Ele é cristão, ela é muçulmana. Ambos sírios, apaixonam-se e resolvem fugir para casar. Escolhem o Líbano para reiniciar a vida. Já são pais de Edward e concebem duas filhas - Maha e Souad Mamo - naquela que deveria ser a nova pátria. O drama aprofunda-se na tentativa de registrar as meninas. "Impossível!" - dizem-lhe. O casamento inter-religioso não é reconhecido pelo direito civil e os filhos, embora nascidos no local, são apátridas naquela terra de poeira e sol. Decidem empreender uma odisseia e partem do Oriente Médio. Cruzam Europa, atravessam o Atlântico e chegam ao Brasil. Encontram abrigo, mas não a legitimidade das filhas como seres humanos. Pelo menos, dessa vez, ganham o direito de lutar. Aí começa outra história, quando a inconformada Maha envia cartas sobre a sua não vida às embaixadas. Enquanto as respostas não chegam - e não chegam, mesmo - , encontra guarida em uma ONG mineira.

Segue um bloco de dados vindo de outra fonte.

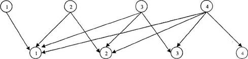 Частный случай I. Пусть существует упорядочение решений jb j2, ... jn такие, что каждое предыдущее необходимо для всех последующих. Так, для рассмотренного выше примера (рис. 9) соответствующее упорядочение - (4, 3, 2, 1). Построим сеть в масштабе времени следующим образом. Вершины сети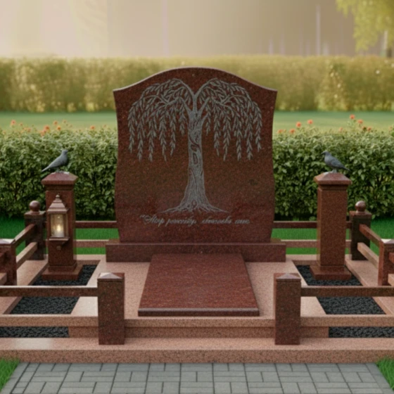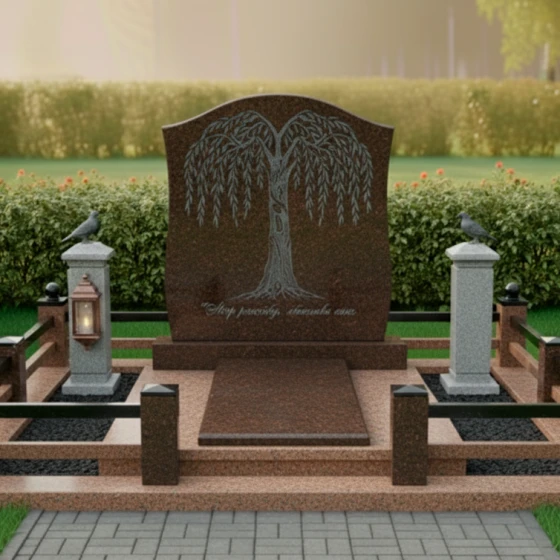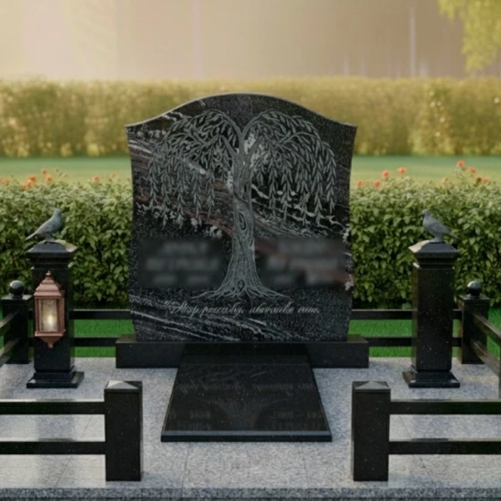 Гранитный монумент (Артикул: ПН 060) — это воплощение изящества и глубокого смысла, застывшего в камне. Каждая деталь здесь продумана до мелочей, чтобы создать не просто надгробие, а настоящий мемориал, хранящий светлую память о близком человеке. Центральным элементом композиции является изысканная вертикальная плита, чьи верхние грани обработаны в форме плавной, ниспадающей арки, напоминающей свод или, возможно, склоненные в скорби ветви ивы. Это не строгий прямоугольник, а мягкий, обтекаемый силуэт, который придает всей конструкции особую выразительность и утонченность. Лицевая сторона монумента имеет глубокую зеркальную полировку, что позволяет камню отражать свет и создавать эффект глубины, подчеркивая монументальность и благородство материала. На этом глянцевом фоне мастерски выполнена гравировка в виде раскидистого дерева с плакучими ветвями. Каждая тончайшая веточка, каждый изгиб листа прорисован с невероятной детализацией, создавая ощущение живого, трепетного образа, символизирующего жизнь, продолжение рода и вечную скорбь. Корни дерева, уходящие в основание плиты, символизируют глубокую связь с землей и памятью. Тонкий, матовый срез по периметру плиты создает деликатный контраст с полированной поверхностью, добавляя изделию объема и подчеркивая безупречность форм. Это не просто камень, это произведение искусства, созданное с душой и глубоким уважением к памяти.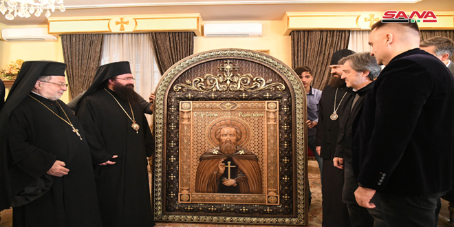 وعقب تسلمه إحدى الأيقونات لفت الوكيل البطريركي لبطريركية أنطاكية وسائر المشرق للروم الأرثوذكس المطران أفرام معلولي إلى أن زيارة الوفد والهدية المباركة التي قدمها دليل محبة الروس لسورية وشعبها.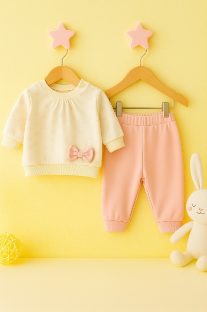 • Set bebelusi cu bluzita ivoire cu fundita si pantaloni roz trmdy1021

GRATA. As coisas mudam quando consegue espaço em uma reunião da Agência das Organizações Unidas para Refugiados - Acnur -, na Genebra. Maha emociona a todos com a exposição franca de sua condição de pária. Terminando o depoimento, Bernardo Laferté entra no salão, encaminha-se até ela e lhe entrega os documentos com a cidadania brasileira. Perplexos, agraciada e participantes do encontro ouvem um relato de Laferté, filho de refugiados também acolhidos pelo Brasil. Um mês após o evento feliz, Edward Mamo é assassinado por um assaltante em uma rua de Belo Horizonte. Questionada se a dor da tragédia lhe fizera gostar menos do Brasil, Maha disse ter ganhado o direito de ser alguém aqui. Amava essa generosidade e seria eternamente grata.

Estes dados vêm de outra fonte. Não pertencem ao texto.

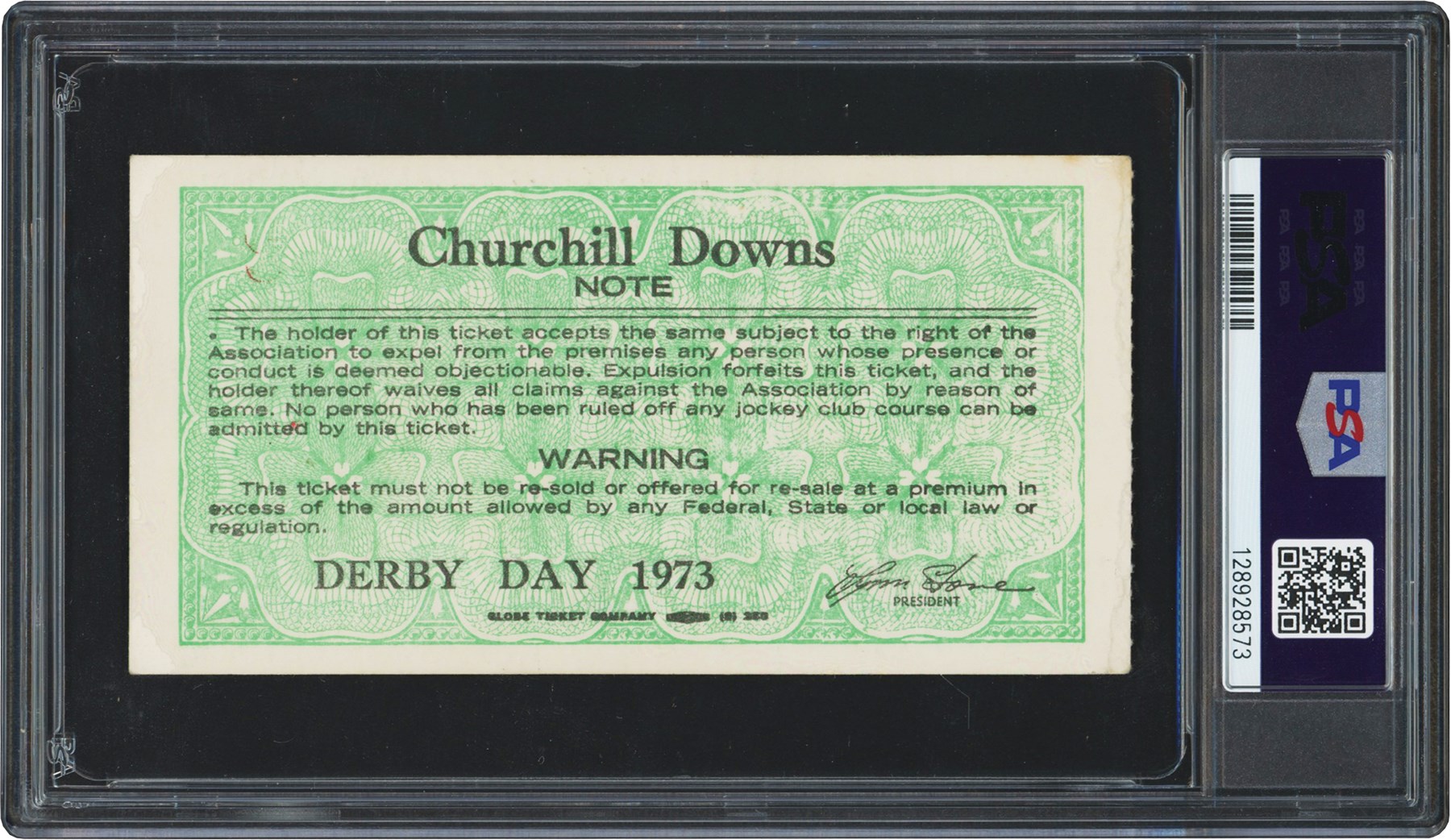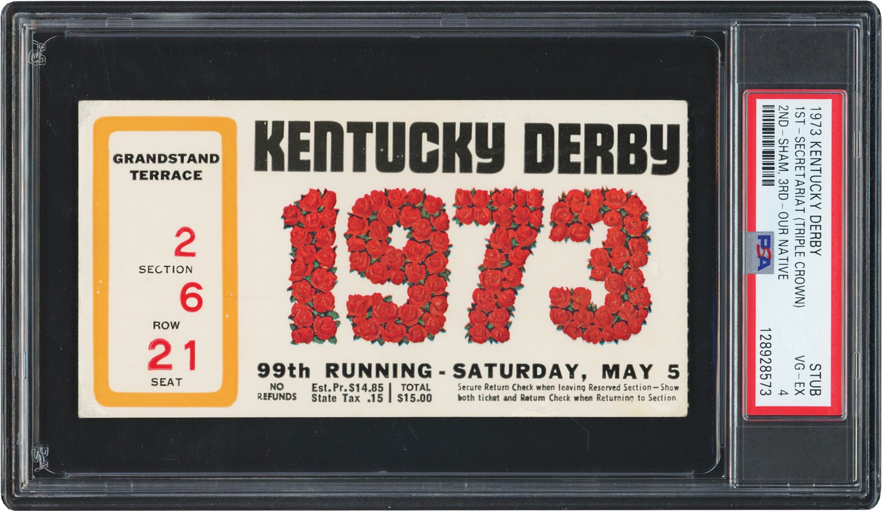 1973 Kentucky Derby Secretariat Triple Crown ticket stub graded PSA VG-EX 4. The ticket presented here is from the 99th running of the Kentucky Derby that took place on May 5, 1973 at Churchill Downs in Louisville, Kentucky. In the race, Secretariat won the Derby in record time (1:59 2/5), and finished ahead of the second place horse, Sham, by 2 and a half lengths. The event was witnessed by a then-record crowd of 134,476. The win earned Secretariat the first jewel of his Triple Crown run. Secretariat would end up winning the Triple Crown in 1973 after winning the Preakness Stakes, and Belmont Stakes.

FAROESTE. 1. Quadrilhas tentam introduzir o faroeste para Rio Grande do Sul. Reedição adornada pelo chapelão do novo cangaço e violência. No início das semana, a pacata Ibiraiaras mergulhou no horror destituído da estética câmera lenta da ficção. Resultado: seis mortos - cinco criminosos e o gerente do Banco do Brasil - e dois assaltantes presos; dois. No início da madrugada dessa quarta-feira, a BM surpreendeu um bando juvenil em Arroio dos Ratos. O quatrilho foi abatido após perseguição e troca de tiros. Os jovens precoces para roubo a banco - atividade de bandido experiente - tinham idades entre 15 e 19 anos.
A população de Ibiraiaras aplaudiu a pronta resposta dos policiais militares. Reações semelhantes ocorrerão onde ações parecidas se repitam. A violência sistemática das quadrilhas aprofundou o sentimento de impotência e a operação, apesar das mortes, pareceu uma resposta justa da sociedade. É um êxito aparente com o poder de encobrir falhas terríveis do Estado e do cidadão. Enumero as evidentes: prisões que não ressocializam; regime semiaberto de ficção; e desagregação familiar que repassa crianças e jovens para o crime.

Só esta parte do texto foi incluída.